Written by a Medical Acupuncture for Veterinarians course graduate. Author’s name available upon request. Signed release obtained from client/author. A2017028
Abstract: Lucky was diagnosed with a sinonasal carcinoma in February 2017. Acupuncture was started in May with the goals of improving his sinonasal symptoms and supporting his immune function while on anti-cancer therapy. He was anxious during treatments but tolerated them well.
History and Presentation: Lucky is an 11 year old Mix Breed Dog who was diagnosed with sinonasal carcinoma in February 2017, He received treatment with IMRT (intensity modulated radiation therapy), 18 fractions completed 3/3/17, and oral Palladia. He developed moist desquamation and KCS secondary to RT which had resolved prior to him starting acupuncture. He continued to have signs of rhinitis at the start of acupuncture: mild epistaxis, sneezing, post-nasal drip.
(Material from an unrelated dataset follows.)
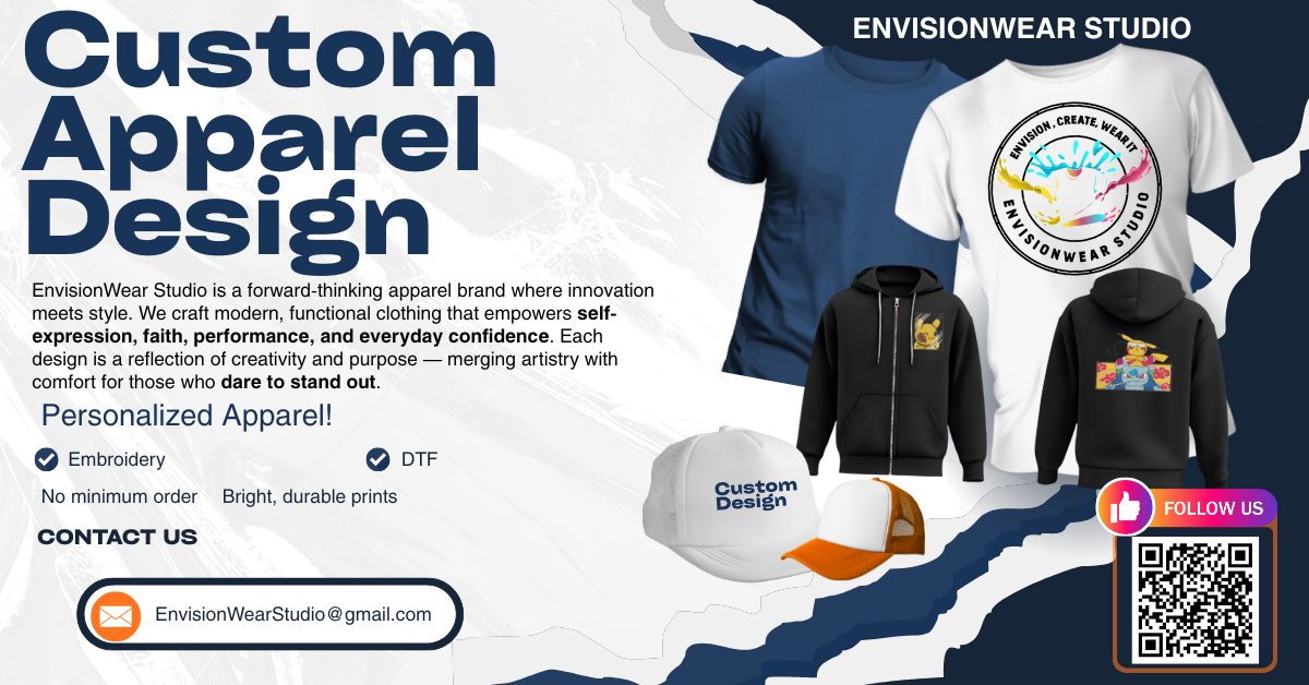 Welcome to Envisionwear Studio, where fashion meets individuality and every design tells a story. We curate a thoughtfully crafted T-shirt and apparel collection that celebrates unique style, embraces diversity, and empowers you to express your true self with confidence. Our garments seamlessly blend quality, comfort, and trend-forward design—so you can make a bold statement with every step you take.Driven by creativity, craftsmanship, and cutting-edge techniques—including embroidery, DTF (Direct-to-Film), and HTV vinyl—we create apparel that is as expressive as it is durable. From concept to completion, each piece is handled with care, ensuring high-quality, custom-made designs that bring your vision to life.

No other relevant medical history
Physical Examination and Clinical Assessments: Alopecia of frontal/nasal area secondary to RT. Normal tear production. Occasional sneezing with blood. Neurology exam was normal: no deficits, no orthopedic disease found or reported in the history. He was also found to have significant myofascial pain along his T/L spine (more severe on the left).
Medical Decision Making: My treatment goals were to focus on treating sinus issues/inflammation, to support Lucky’s immune system as his local immunity has been altered by radiation therapy. His ocular side effects resolved prior to starting acupuncture so this was not a primary focus.
Differential Diagnoses: T/L myofascial discomfort- suspect local pain/nerve entrapment/tight fascia, no evidence of internal organ dysfunction on blood work, no evidence of orthopedic or neurologic disease, could be tense from persistent sneezing secondary to rhinitis.
Definitive (or putative) Diagnosis (or Diagnoses): Sinonasal carcinoma, treated with definitive radiation therapy, on-going treatment with Palladia, mild rhinitis/sinusitis, T/L myofascial discomfort as above.
5/10/17- GV-14, GV-20, Bai-Hai, LU-1 bil, LI-4 R, LI-10 bil, LI-11 L, ST-36 bil, PC-6 bil, HT-7 R, BL-10, 12,13,21 bil; could not place distal limb pts or pts on face
5/18/17- GV-14, GV-20, Bai-Hai, LU-1 bil, LI-10 and LI-11 bil, ST-36 bil, LU-7 bilat, BL-10, 12-14 bil, BL-23 and 25 bilat, local trigger point along bladder line near BL-23; could not place distal limb pts or pts on face
5/25/17- GV-14, GV-20, Bai-Hai, LU-1 bil, LI-10 and LI-11 bil, ST-36 bil, BL-10, 12-13 bil, BL-21, 23,25 bilat, local trigger point along L out bladder line (3 needles);, LI-4 R, KI-3/BL-60 bilat, PC-6 bilat, LR-3 bilat, SI-19 bilat.
5/31/17- sensitivity cranial thoracic with TP near BL 13-15 and BL 21-23. AP Treatment: GV-14, GV-20, Bai-Hui, LU-1 bil, LI-10 and LI-11 bil, ST-36 bil, BL-10, 12-15 bil, BL-21, 23,25 bilat, local trigger point along outer bladder line bilateral, KI-3/BL-60 bilat, BL-40, SI-19 bilat, GB-29,30/BL-54 bilat. Could not place distal limb points today.
Outcomes, Discussions, and References: Lucky will now go to treatment every 2-3 weeks and continue on Palladia. Thus far, he has not required antibiotics for his rhinitis. Aside from alopecia he does not have any RT effects and has been tolerating his Palladia. His owner reports that he is “acting like a puppy again”.